Aim of the exercise:
Output the lines from the top of the entries below to the line with "The function assigned", both included, exactly and without pictures.

___ Provided information ___

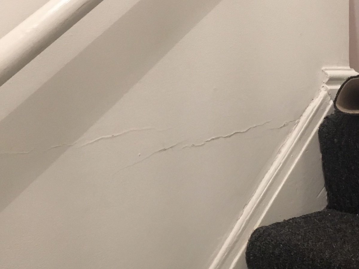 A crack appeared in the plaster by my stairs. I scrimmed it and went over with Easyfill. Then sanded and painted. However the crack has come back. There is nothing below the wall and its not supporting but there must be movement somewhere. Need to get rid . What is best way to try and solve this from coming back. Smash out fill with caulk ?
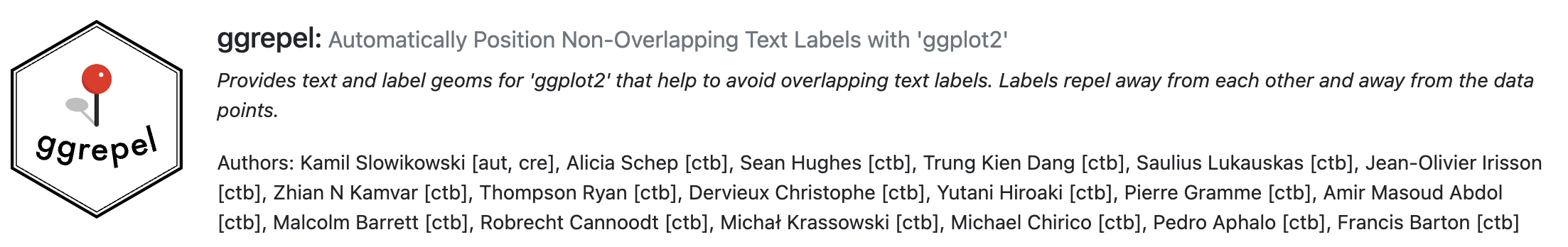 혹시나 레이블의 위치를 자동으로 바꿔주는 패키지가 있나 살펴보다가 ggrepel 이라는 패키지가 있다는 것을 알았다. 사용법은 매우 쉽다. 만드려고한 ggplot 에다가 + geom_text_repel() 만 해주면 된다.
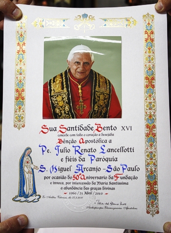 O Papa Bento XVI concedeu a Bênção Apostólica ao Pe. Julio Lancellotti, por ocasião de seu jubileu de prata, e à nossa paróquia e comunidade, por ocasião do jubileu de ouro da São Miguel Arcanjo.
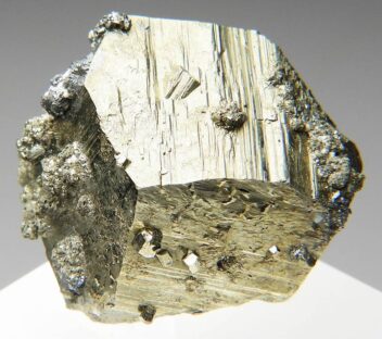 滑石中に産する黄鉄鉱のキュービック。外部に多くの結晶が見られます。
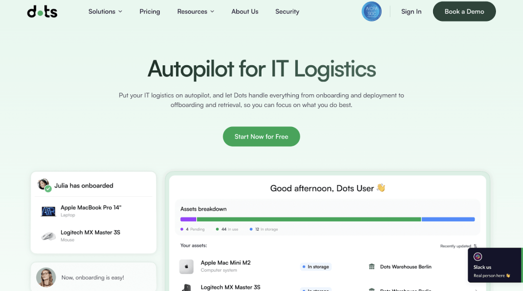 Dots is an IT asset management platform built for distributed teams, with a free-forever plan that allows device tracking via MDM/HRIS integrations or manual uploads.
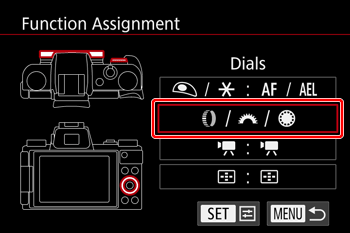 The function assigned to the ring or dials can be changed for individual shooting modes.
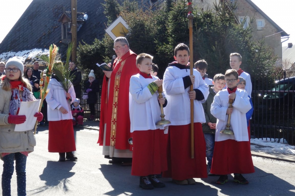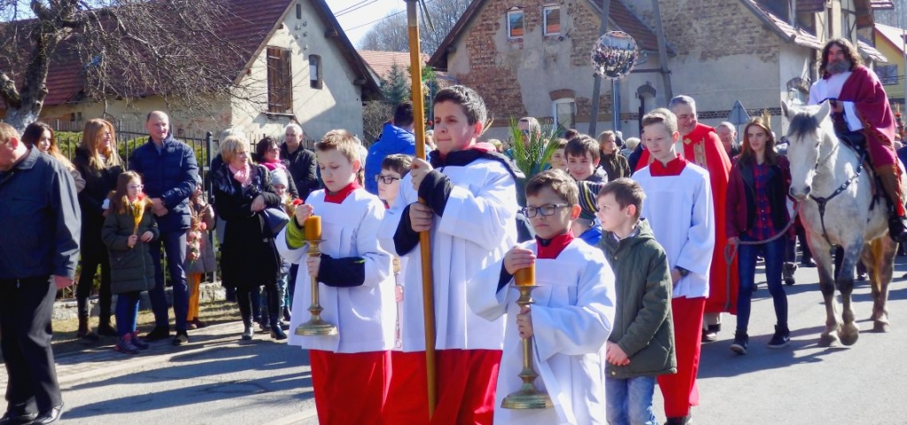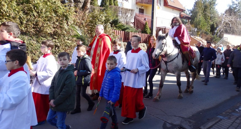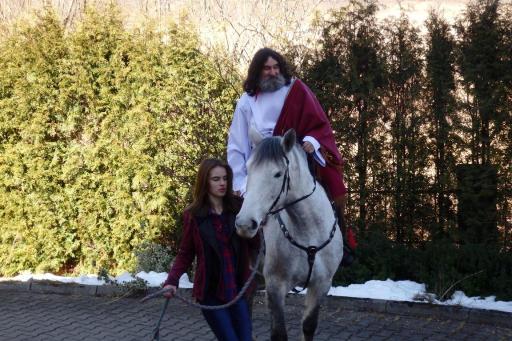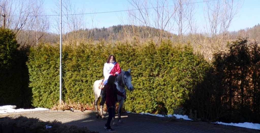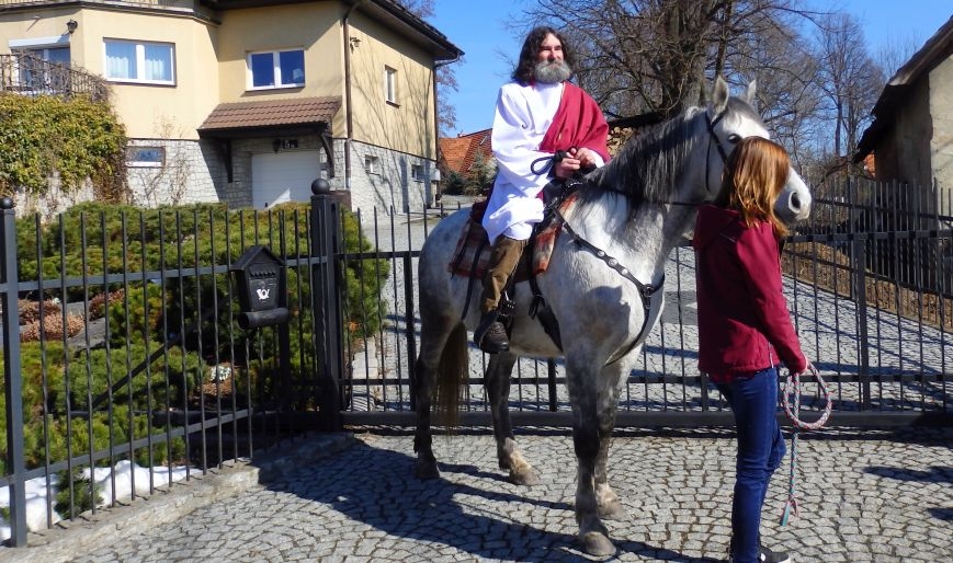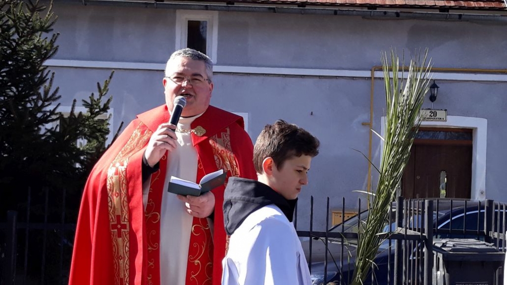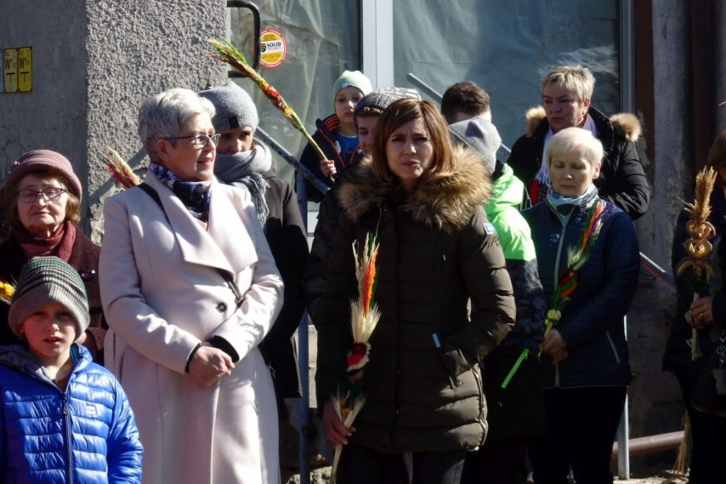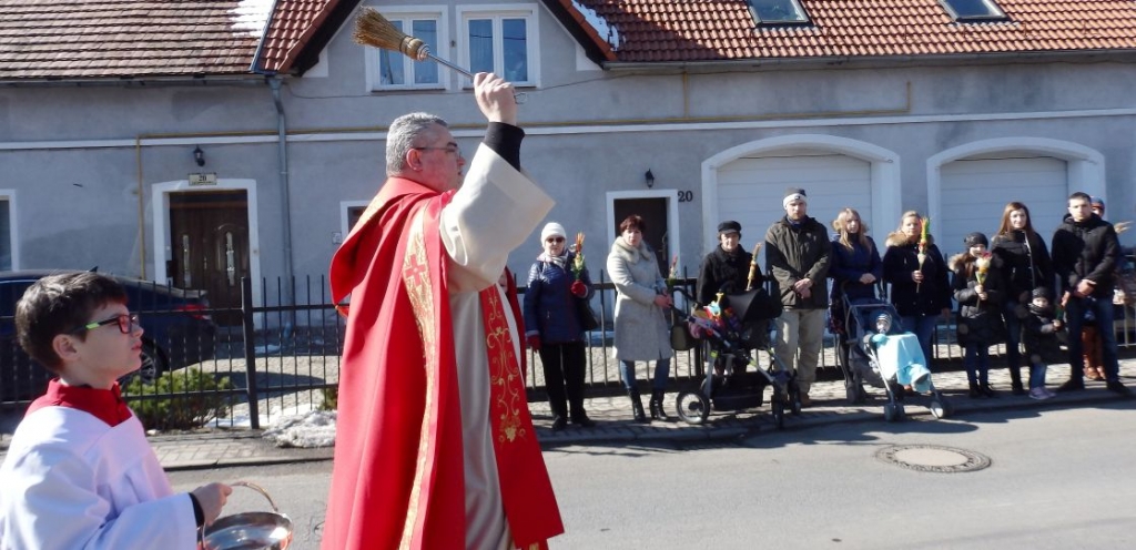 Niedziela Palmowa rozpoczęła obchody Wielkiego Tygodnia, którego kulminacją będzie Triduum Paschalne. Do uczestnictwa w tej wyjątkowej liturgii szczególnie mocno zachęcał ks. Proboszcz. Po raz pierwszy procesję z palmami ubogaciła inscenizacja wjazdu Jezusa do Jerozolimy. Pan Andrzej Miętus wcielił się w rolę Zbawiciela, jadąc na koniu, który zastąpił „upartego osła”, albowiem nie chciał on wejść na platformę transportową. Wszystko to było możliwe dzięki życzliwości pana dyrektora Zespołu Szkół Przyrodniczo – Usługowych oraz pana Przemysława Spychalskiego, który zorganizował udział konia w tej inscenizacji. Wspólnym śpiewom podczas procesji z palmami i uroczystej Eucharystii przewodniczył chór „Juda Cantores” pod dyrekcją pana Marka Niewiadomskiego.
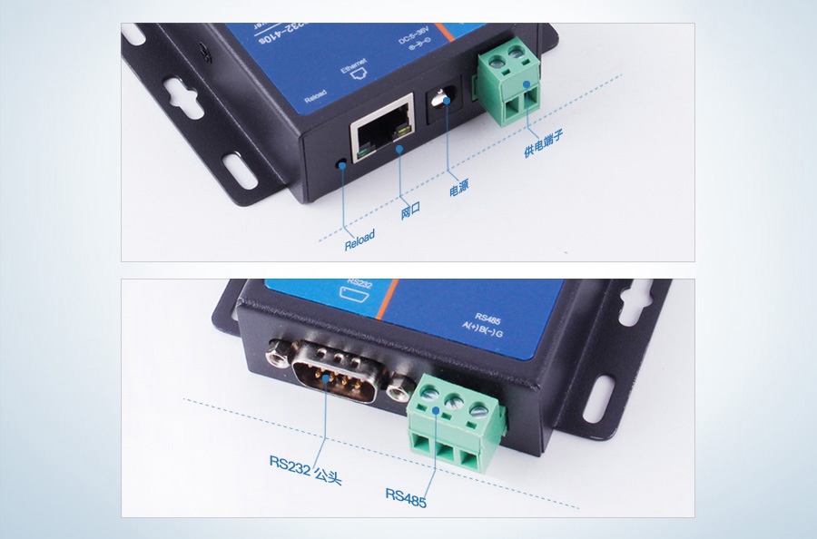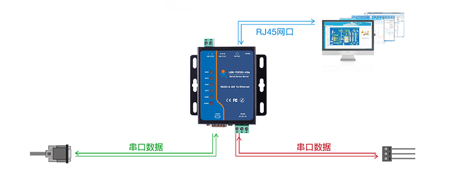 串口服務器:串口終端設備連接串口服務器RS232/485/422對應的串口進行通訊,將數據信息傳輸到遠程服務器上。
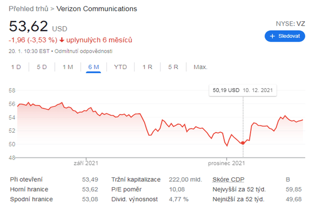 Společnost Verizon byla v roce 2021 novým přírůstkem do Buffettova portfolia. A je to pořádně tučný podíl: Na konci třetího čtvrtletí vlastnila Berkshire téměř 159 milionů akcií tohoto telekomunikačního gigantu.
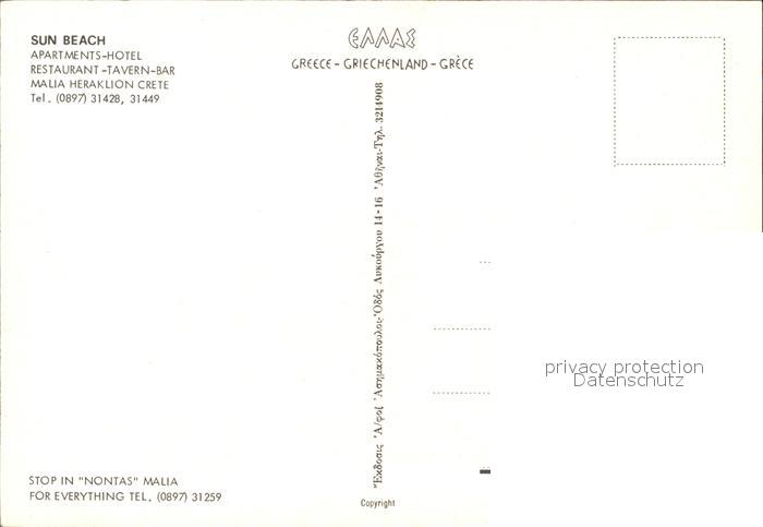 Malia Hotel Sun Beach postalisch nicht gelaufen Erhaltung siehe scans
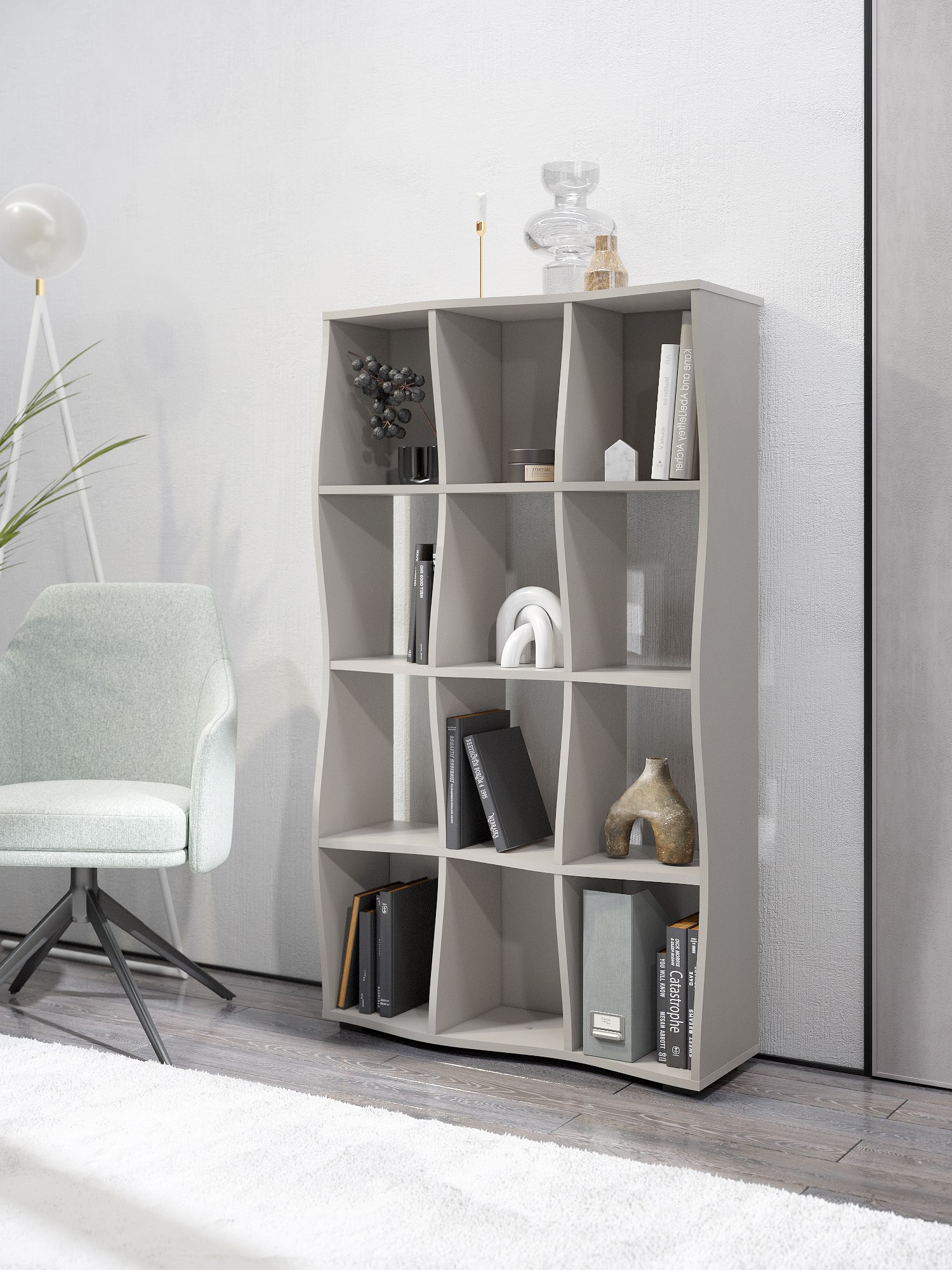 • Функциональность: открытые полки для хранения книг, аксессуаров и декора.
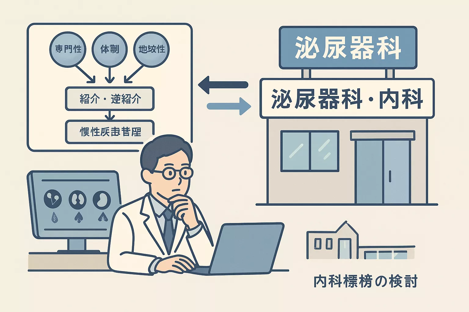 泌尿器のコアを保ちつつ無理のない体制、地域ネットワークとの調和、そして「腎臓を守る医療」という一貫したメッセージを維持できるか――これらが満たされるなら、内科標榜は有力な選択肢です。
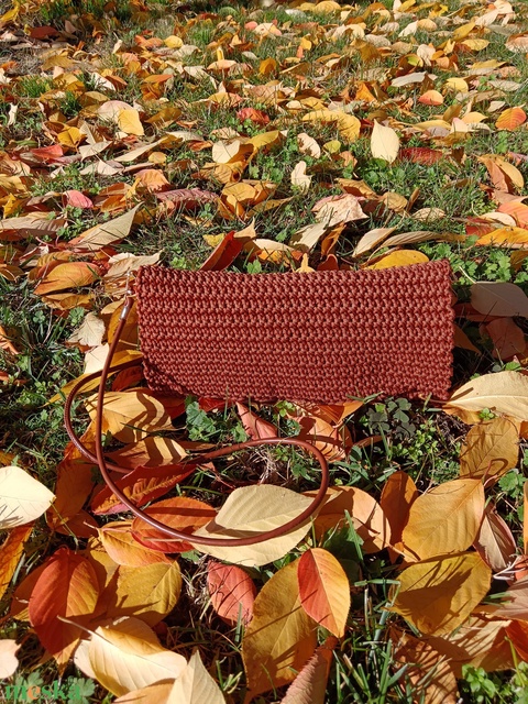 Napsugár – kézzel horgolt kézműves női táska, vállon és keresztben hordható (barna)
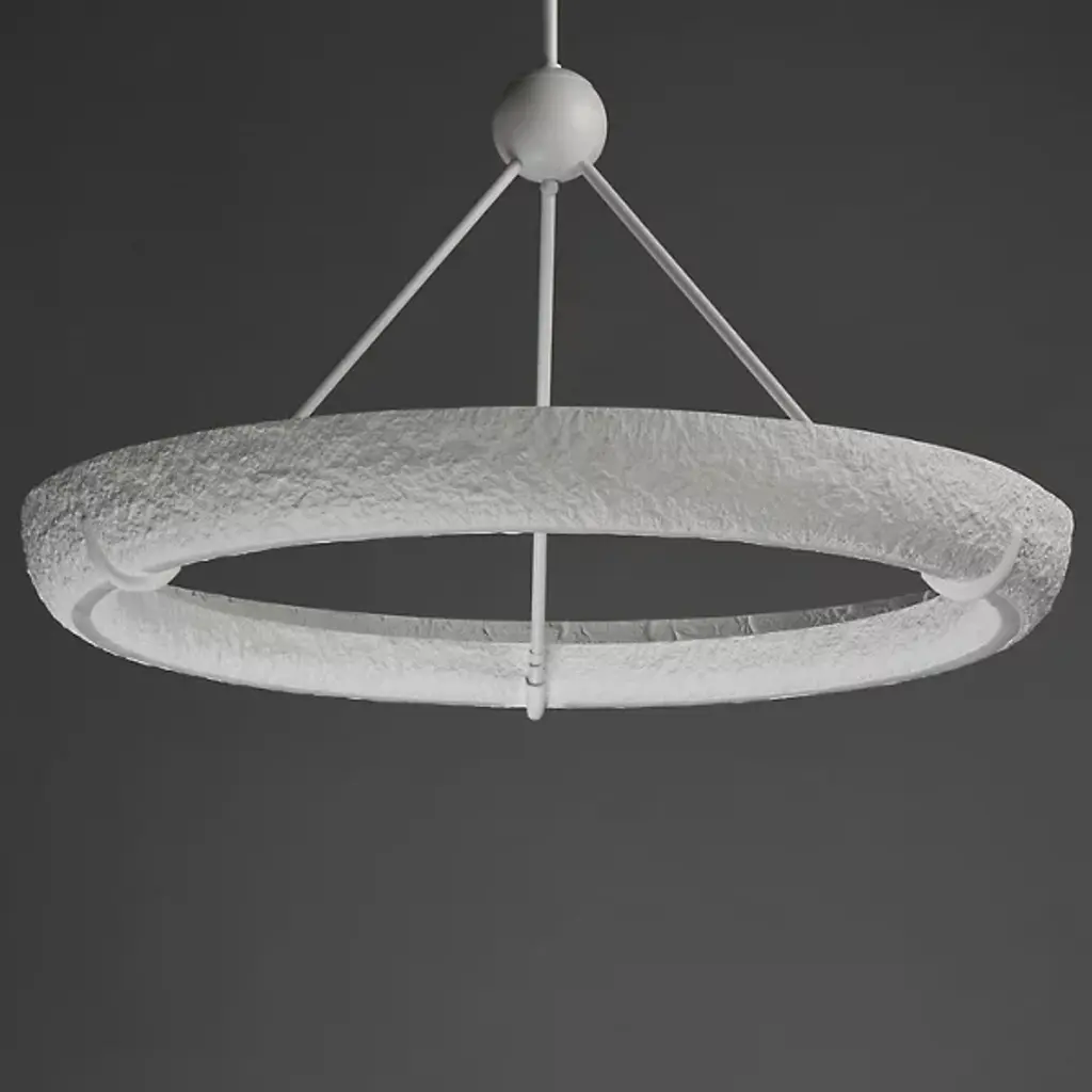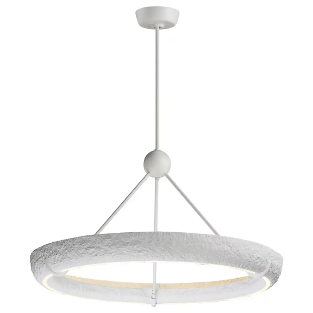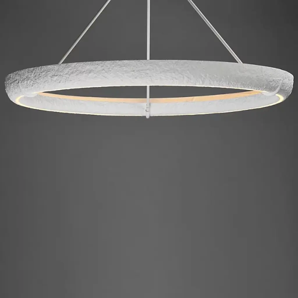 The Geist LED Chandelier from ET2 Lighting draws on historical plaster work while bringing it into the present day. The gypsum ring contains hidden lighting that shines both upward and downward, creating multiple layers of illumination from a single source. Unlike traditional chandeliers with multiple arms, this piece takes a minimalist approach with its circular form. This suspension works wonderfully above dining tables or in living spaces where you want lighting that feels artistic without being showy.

___

Completed exercise:
 A crack appeared in the plaster by my stairs. I scrimmed it and went over with Easyfill. Then sanded and painted. However the crack has come back. There is nothing below the wall and its not supporting but there must be movement somewhere. Need to get rid . What is best way to try and solve this from coming back. Smash out fill with caulk ?
 혹시나 레이블의 위치를 자동으로 바꿔주는 패키지가 있나 살펴보다가 ggrepel 이라는 패키지가 있다는 것을 알았다. 사용법은 매우 쉽다. 만드려고한 ggplot 에다가 + geom_text_repel() 만 해주면 된다.
 O Papa Bento XVI concedeu a Bênção Apostólica ao Pe. Julio Lancellotti, por ocasião de seu jubileu de prata, e à nossa paróquia e comunidade, por ocasião do jubileu de ouro da São Miguel Arcanjo.
 滑石中に産する黄鉄鉱のキュービック。外部に多くの結晶が見られます。
 Dots is an IT asset management platform built for distributed teams, with a free-forever plan that allows device tracking via MDM/HRIS integrations or manual uploads.
 The function assigned to the ring or dials can be changed for individual shooting modes.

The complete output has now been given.